Это была его вторая любимая фраза. В отличие от остальных стариков, он не считал Эсмонда сумасшедшим и отзывался о нём очень уважительно.
– И что он такого сделал? – буркнул я.
– Вдохнул в него жизнь. Посмотри: у нас всё работает, все при деле и никто не бедствует.
Я молча оглядел окружающую нас тусклость. Над городом висели тучи. Они плотно закрывали небо, не позволяя здешним домишкам расти ввысь. Те, в свою очередь, уже смирились с уготованной им мелкоэтажностью. Они жались к деревьям и не помышляли о судьбе небоскрёбов, которые показывали по телевизору.
– Ты ещё мал, Дэнни, – пробормотал Эл. – Многого не понимаешь.
– Я уже вырос. И когда стану совсем взрослым, буду жить в доме получше Говардовского, – заносчиво объявил я.
Эл усмехнулся и посмотрел на маячащий вдали трёхэтажный особняк. Дом был вызывающе белого цвета и радовал глаз гордой, нездешней красотой. Он одиноко стоял на возвышенности, откуда были видны не только Литтон, но и Фишвиль, его сосед Вилтон-сити и даже огни большого Беллинга. В честь его бывших владельцев, осчастлививших город медицинским центром, двумя школами и кинотеатром, была названа центральная улица – Говард-стрит. Последний из Говардов долгое время был нашим мэром. Я родился после того, как он отправился на покой и узнал о нём из рассказов взрослых.
– Надо бы Генри проведать, – пропыхтел Эл, глядя на дом. – Давненько его никто не видел.

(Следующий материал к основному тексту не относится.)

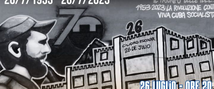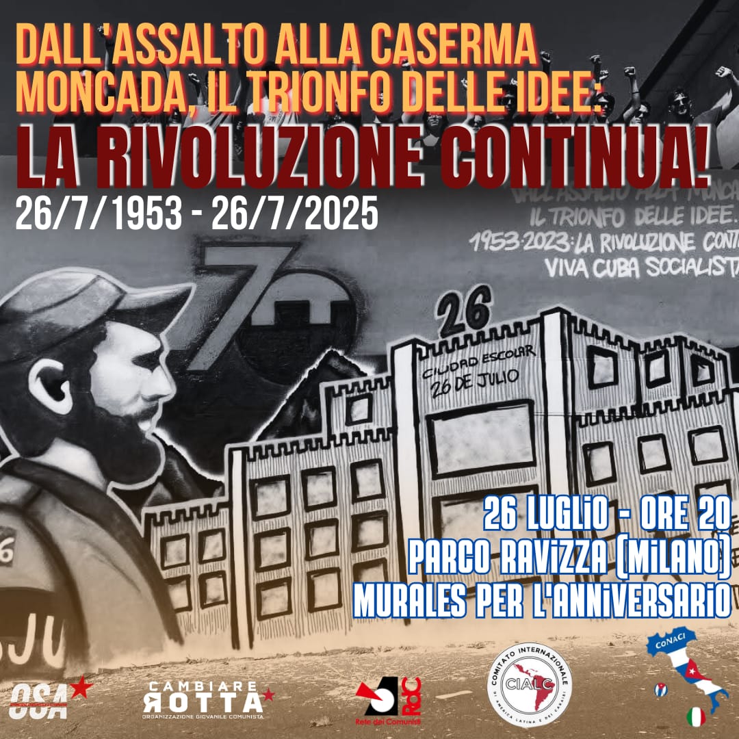 Ci diamo appuntamento quindi sabato 26 luglio alle 20.00 al Parco Ravizza e poi ci sposteremo in via Pompeo Leoni davanti al murales realizzato per i 50 anni dell’assalto alla caserma Moncada in solidarietà e sostegno internazionalista al popolo e al governo cubano.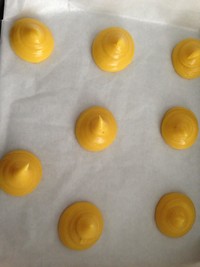 泡芙面糊搞拌好后装在裱花袋中,烤盘先垫好油纸,挤出一个一个小圆坨(有点像便便)哈(记得每一坨留下多一点的间距,因为他能长2倍大)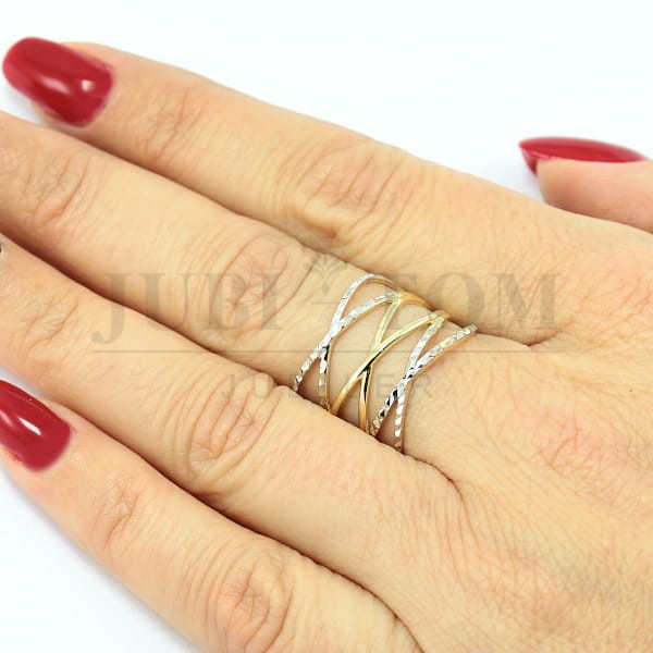 Złoty szeroki pierścionek z diamentowaniem próba 585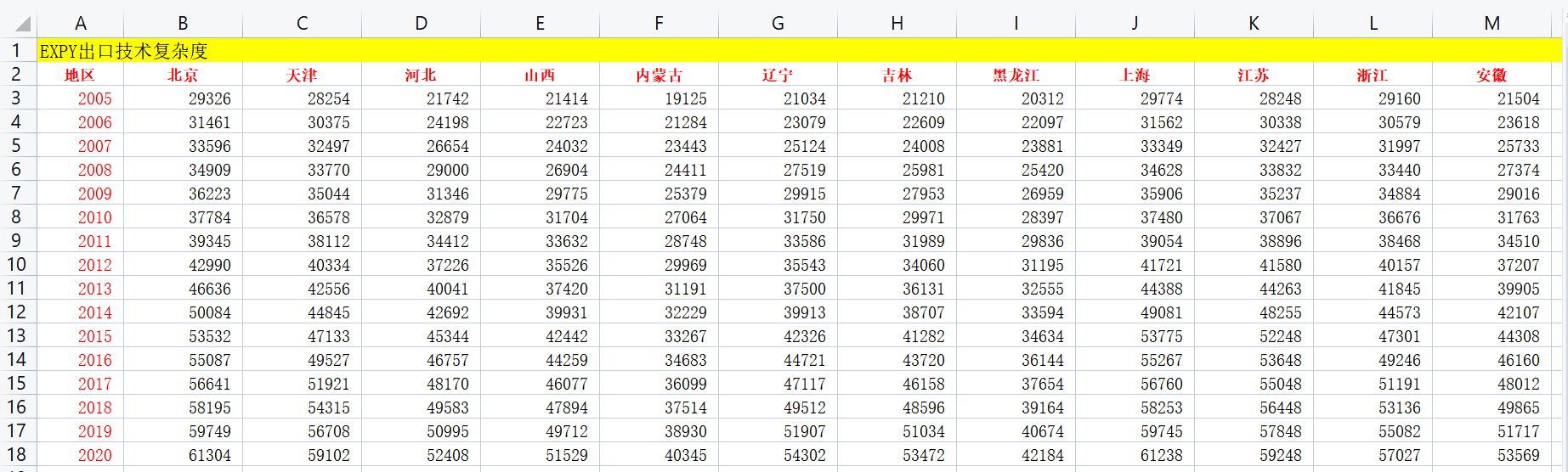 使用根据SITC Rev.2的三位码分类的2005-2020年度239种出口产品数据

– Я пришёл за кексами, – напомнил я.
– Я помню, сынок. Утром, как почувствовал, что у кого-то они не заладятся и испёк дополнительную порцию, – Эл хитро прищурился. – Вот увидишь, мои «мальчики» займут первое место.
Вдобавок к кексам, Эл вручил мне коробку с лоснящимися глазурью пончиками. Урча от восторга, Бекки схватила сразу два и одновременно запустила в них зубы. Я сладости не любил, поэтому отдал ей свою порцию, присвоив взамен «фонд Эсмонда».
– Где мама? – спросил я, прислушиваясь к кухонной тишине.
– Отдыхает.
Я поднялся на второй этаж и заглянул в родительскую спальню. Мама уснула за чтением журнала. Я аккуратно прикрыл дверь и наведался в кладовку, где у нас находилась прачечная. В стиральной машине томились выстиранные вещи. Я переложил их в сушилку и тщательно вытер пол. Нахалка Бекки не замедлила воспользоваться моей ранней самостоятельностью и добротой. Сожрав пончики, она с намёком поставила на стол чашку.
– Я хочу пить, – пискнула она.
Сестра обожала мятный чай и могла пить его галлонами. Однажды она меня разозлила и, пользуясь тем, что мама занята цветами, я перевёл её на самообслуживание. Результат оказался плачевен: сначала Бекки разбила чашку, потом порезалась, собирая осколки, и в итоге облилась кипятком. Её последующий вой был ужасен. Я надолго его запомнил и с тех пор к чайной церемонии её не допускал.